Roasted Black Radishes with Spiced Sautéed Greens
This Indian-inspired dish is superflavorful. Be sure your spices are fresh for the most intense flavor. If your spices have been sitting around for more than one year, get rid of them. I like to buy spices at the Soulard Spice Shop because you can get as small or as large of a quantity as you wish.
Serves | 4 to 6 |
- 1 lb black radishes, cubed
- 2 Tbsp olive or mustard oil*
- 6 cloves garlic, chopped
- ½ small white onion, chopped
- 2 Tbsp turmeric
- 1 tsp kosher or sea salt
- 1 Tbsp sunflower or olive oil
- 1 tsp mustard seeds
- 1 tsp turmeric
- 1 tsp ground coriander
- ½ tsp cayenne
- 1 tsp salt
- black radish tops, chopped
- 6 leaves kale or mustard greens, chopped
- 2 tsp lime juice
- plain yogurt, for garnish
| Preparation – Roasted Radishes | Preheat oven to 375°F. Toss all ingredients in a large bowl until radishes are well-coated. Place radish mixture on a large sheet of foil and close into a package. Place foil package on a cooking sheet and cook for 30 minutes, turning occasionally. Once radishes are soft, open the packet and return to the oven for another 10 minutes to caramelize.

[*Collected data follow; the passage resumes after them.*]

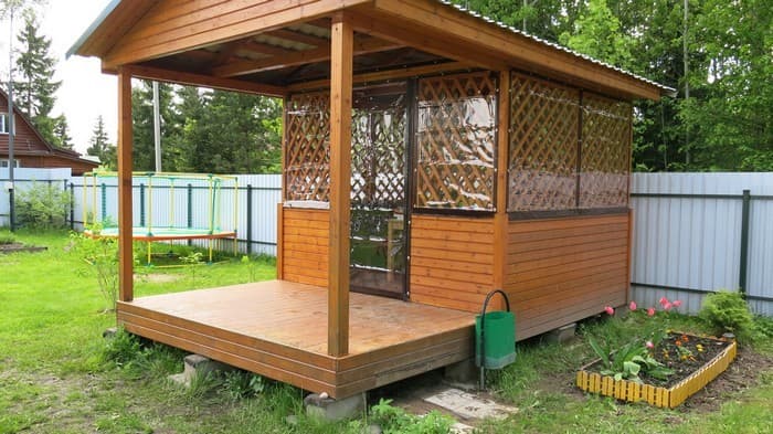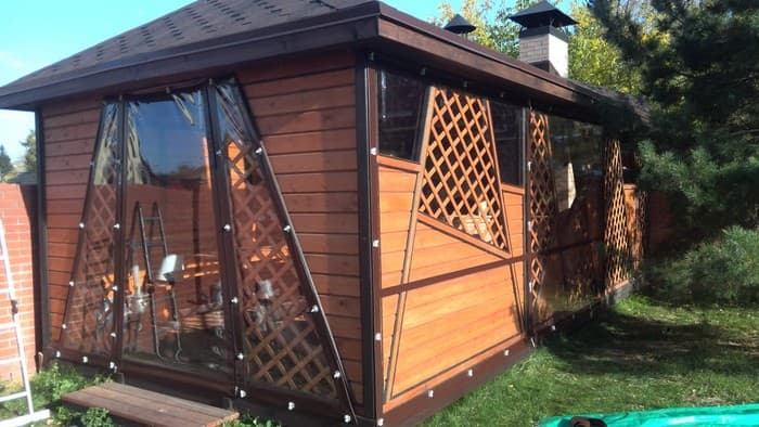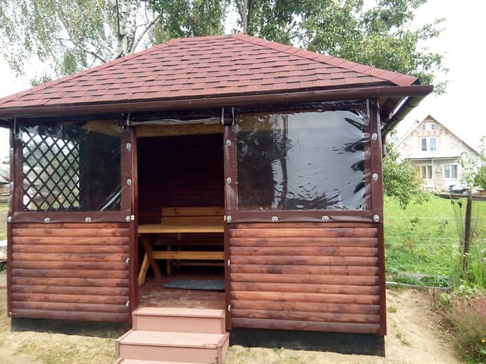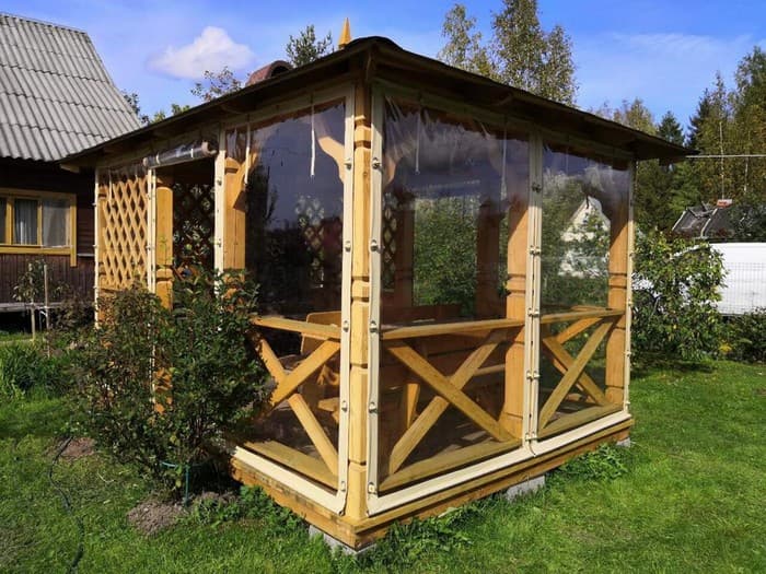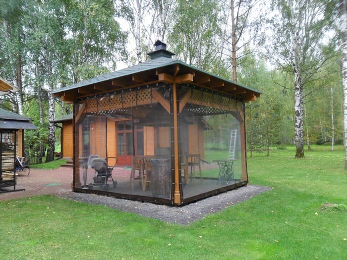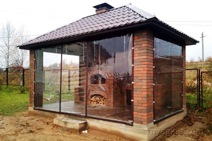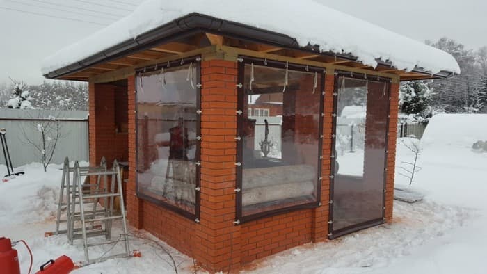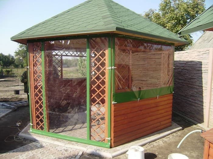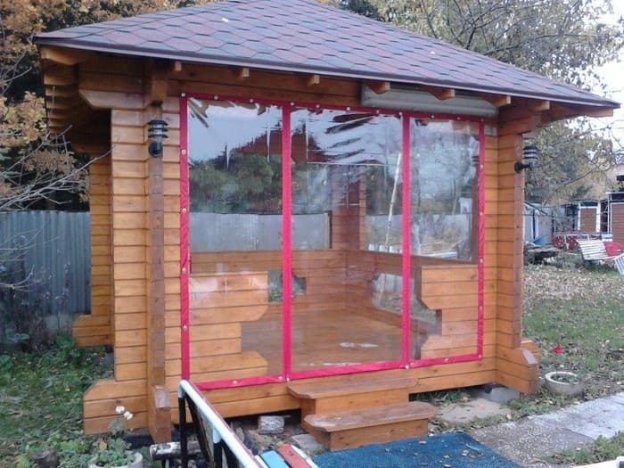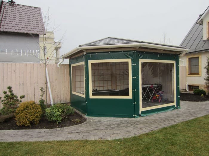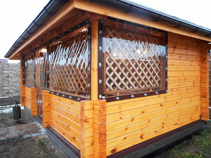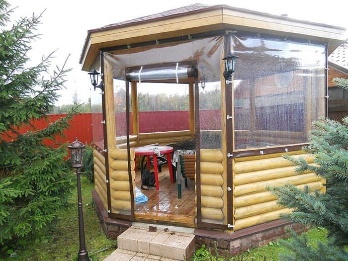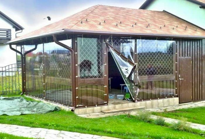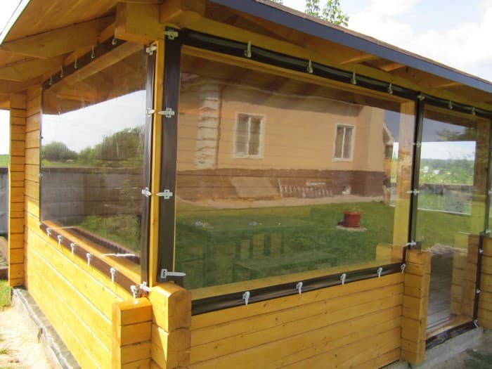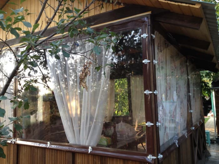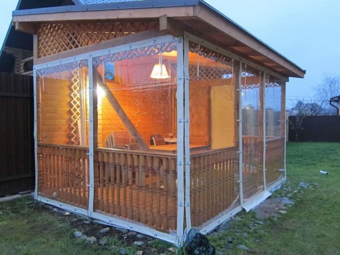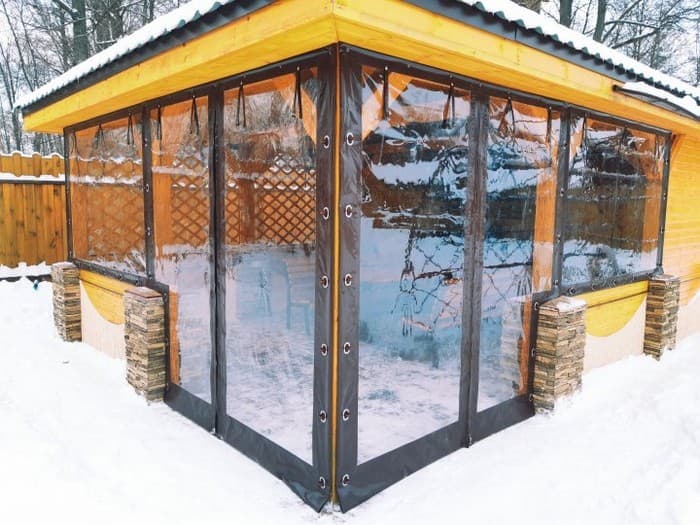 Fenêtres souples – une bonne alternative au verre et au plastique. Ils ne gâchent pas l’apparence du gazebo ou de la véranda, ils sont faciles à installer et à retirer, ne nécessitent pas de soins et d’attention particuliers et sont faciles à réparer. Ils vous protégeront de la poussière, du vent froid, des feuilles, de la neige, de la pluie et des insectes. De telles fenêtres sont capables de rendre les loisirs de plein air confortables et de ne pas transformer un belvédère confortable en l’air en une pièce fermée, comme c’est le cas avec le vitrage. Grâce à eux, votre repos sous le gazebo ou sur la terrasse sera confortable à tout moment de l’année, même en hiver.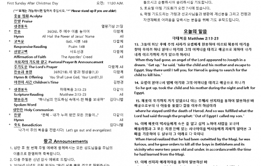 2025년 12월 28일 주일 예배 주보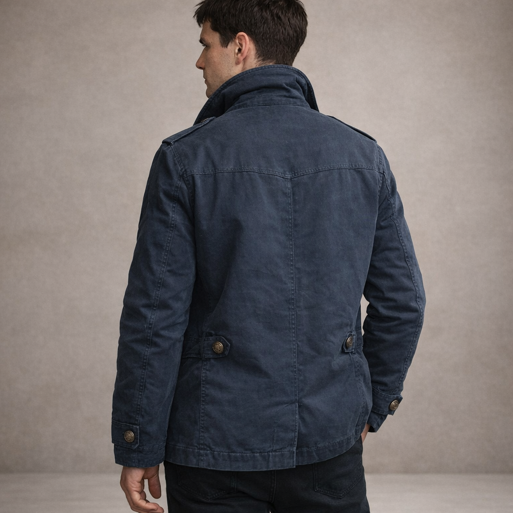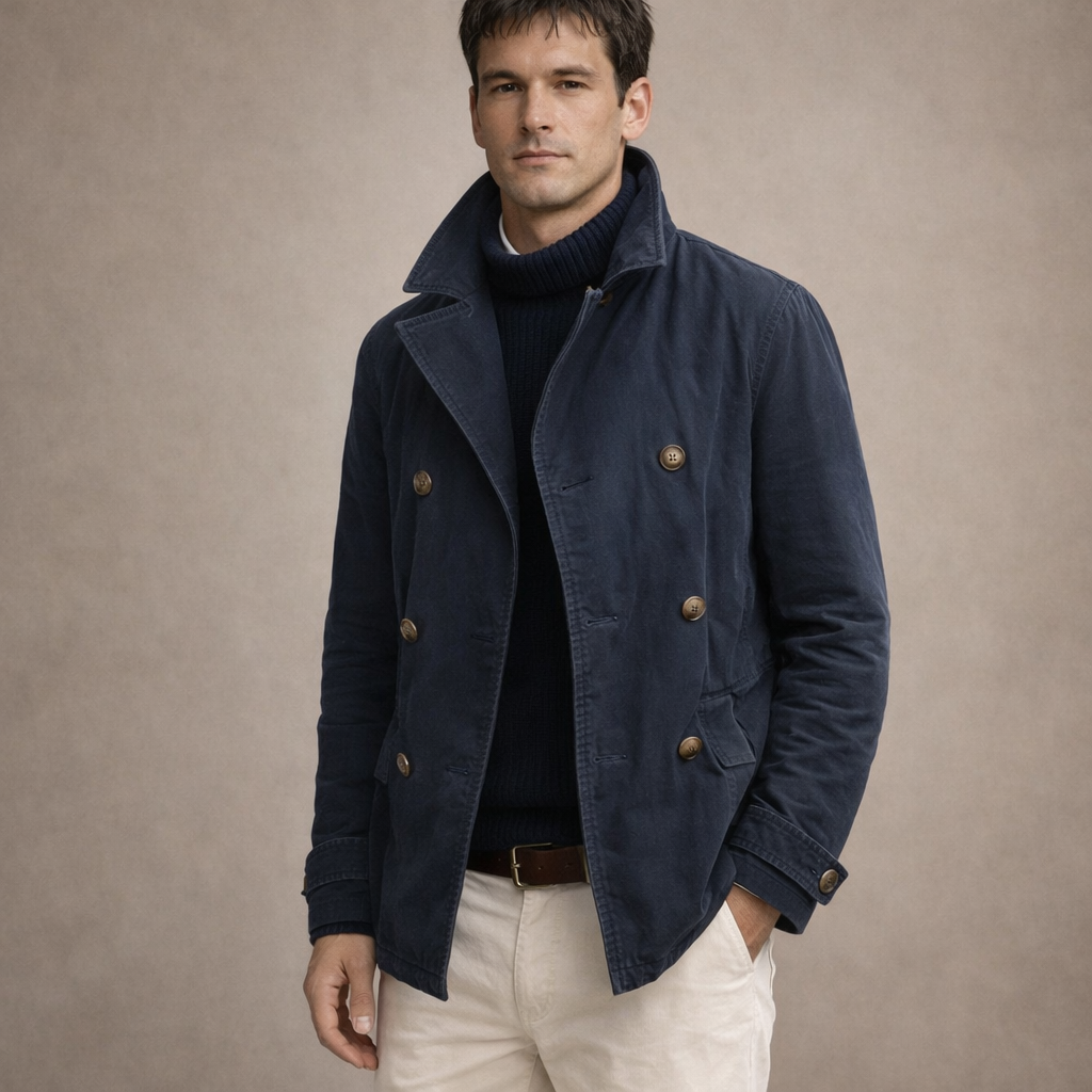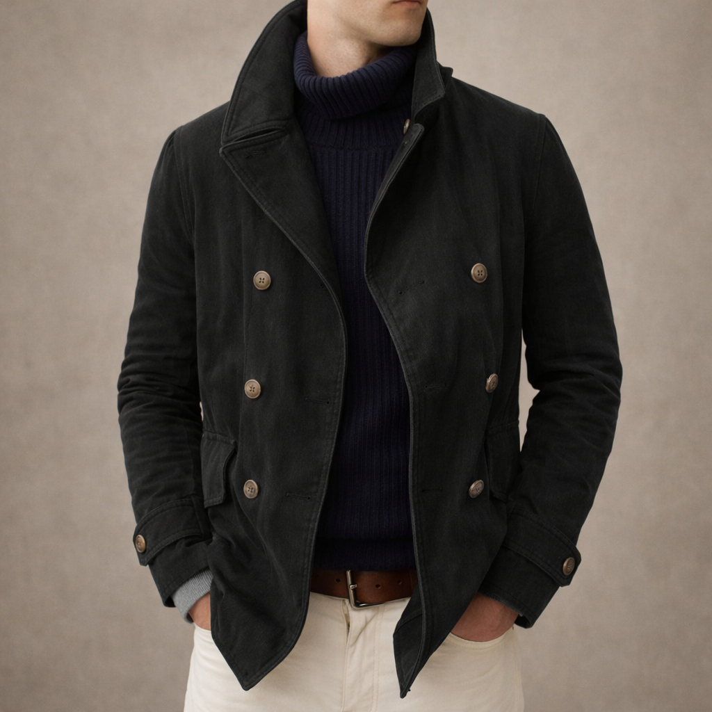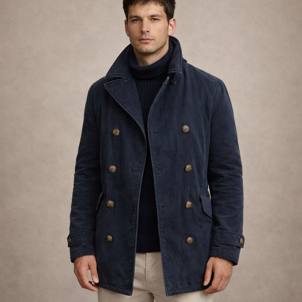 Key features of this Men’s Double-Breasted Pea Coat with Stand Collar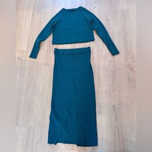 PRETTYGARDEN Women’s Dark Green 2 Piece Ribbed Cropped Sweater & Maxi Skirt Set
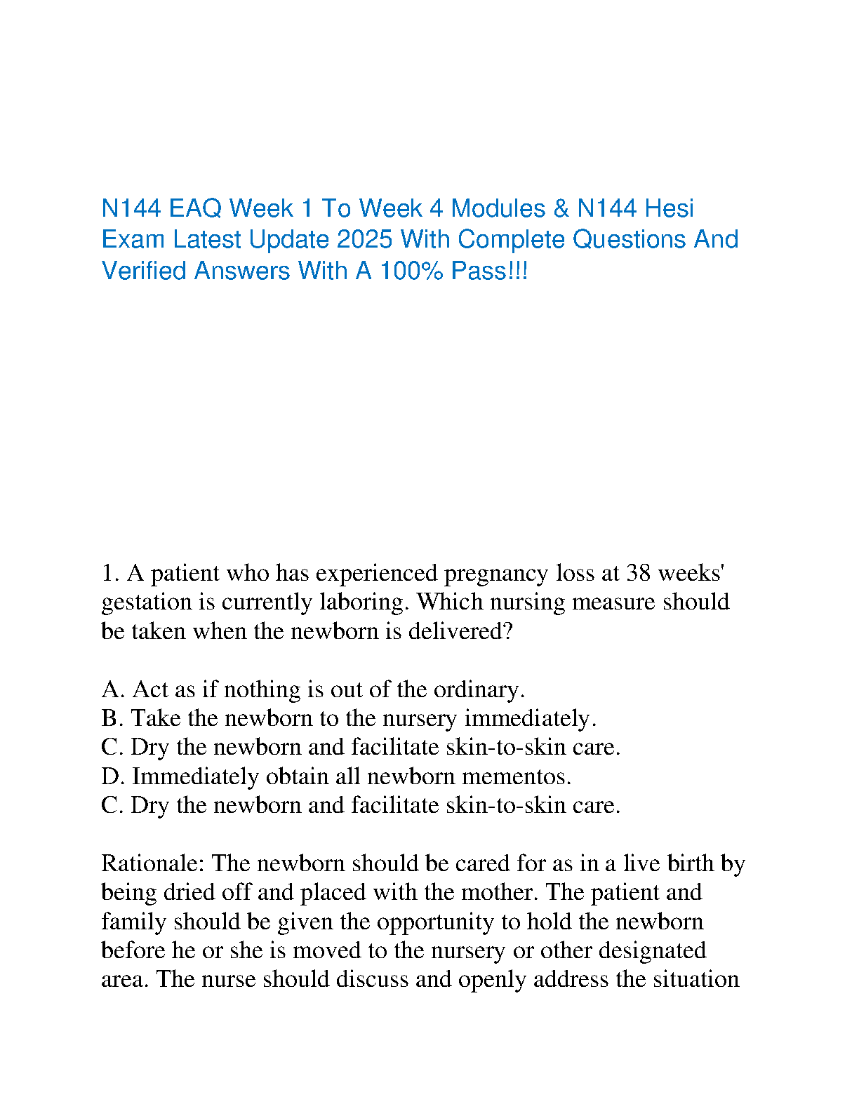 N144 EAQ Week 1-4 Modules & N144 HESI Exam: 2025 Latest Update with Complete Questions and Verified Answers for a 100% Pass Rate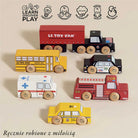 Wszystkie autka wykonano w całości z certyfikowanego drewna FSC®, pomalowanego nietoksycznymi, bezpiecznymi farbami wodnymi. Samochody posiadają drewniane koła i są w pełni kompatybilne ze standardowymi torami kolejowymi, co pozwala rozszerzyć zabawę o dodatkowe scenariusze i zestawy.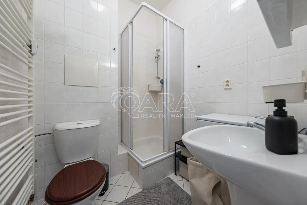 Byt se nachází v novostavbě v 1. podlaží dobře udržovaného domu a nabízí praktické dispoziční řešení hlavní obytná místnost s kuchyňským koutem poskytuje dostatek prostoru pro pohodlné bydlení. Z pokoje je vstup na balkon, který je ideálním místem pro ranní kávu či relaxaci. V předsíni se nachází velká vestavěná zrcadlová skříň na míru, která nabízí dostatek úložného prostoru. Koupelna je vybavena sprchovým koutem, pračkou a umyvadlem, toaleta je součástí koupelny.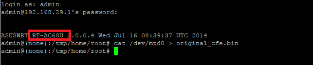 라우터의 펌웨어를 변경하려면 ASUS프로그램이 RT-AC68U로 인식할 수 있어야 한다. 그러기 위해 부트로더를 변경해야 한다.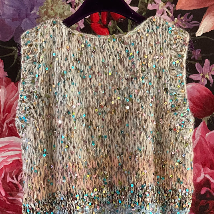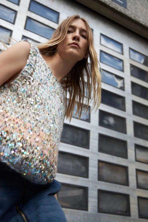 Der Pullunder mit Pailletten und V-Ausschnitt verleiht dir einen verspielten Touch. Perfekt für jeden Anlass und eine wahrer Eyecatcher.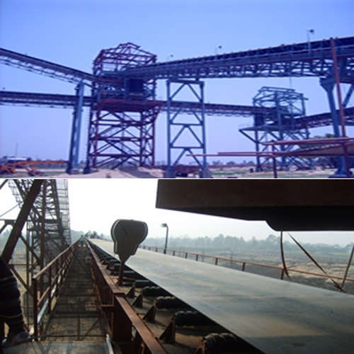 B) Portable Belt Conveyor system for two stage crushing and screening plant. All conveyor units have ruggedly fabricated steel structure frame so that it can be shifted, the whole unit where ever needed.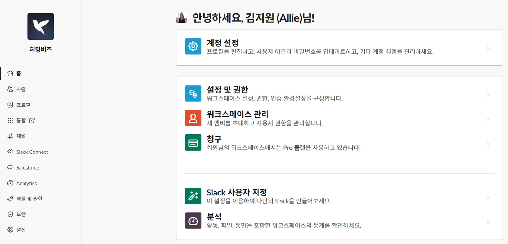 관리자 페이지의 홈에는 주요 관리 기능들에 대한 요약과 빠른 액세스 링크가 제공됩니다. 예를 들어 계정 설정 섹션에서는 관리자 본인의 프로필 수정, 비밀번호 업데이트와 같은 계정 관련 설정으로 이동할 수 있고, 설정 및 권한 섹션에서는 워크스페이스의 기본 설정과 멤버 권한을 변경할 수 있는 메뉴로 연결됩니다. 워크스페이스 관리, 청구, 슬랙 사용자 지정, 분석 등으로 구분된 카드들은 각각 해당 관리 화면으로 바로가기 역할을 합니다.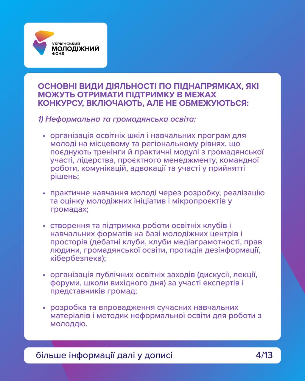 - Розвиток молодіжних просторів.
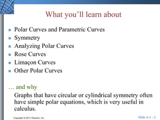 This document discusses polar graphs and equations. It covers topics like polar curves, symmetry properties, analyzing polar curves, rose curves, limaçon curves, and other polar graphs. Specific curves discussed include the spiral of Archimedes, lemniscate curves, and examples of testing polar equations for symmetry and analyzing limaçon curves. It aims to explain polar graphs and equations which are useful in calculus.

| Preparation – Sautéed Greens | Add oil to a large pan or cast-iron skillet set over medium heat. Add all the spices and salt. Cook, constantly stirring, until mustard seeds begin to pop. Add all the greens and stir until wilted and nicely coated. Remove from heat and add the lime juice. Serve on top of roasted radishes. Garnish with yogurt.
* Mustard oil can be purchased at many international and Asian grocers. It has a spicy aroma and a nutty flavor that makes it great in salad dressings.
Note: Cooking the spices before you add the food is an old Indian cooking technique – it allows the spices to come to their full flavor potential. The spice mix in this recipe is a great base for many recipes. Add potatoes to the radishes in this recipe for a great side dish or breakfast item.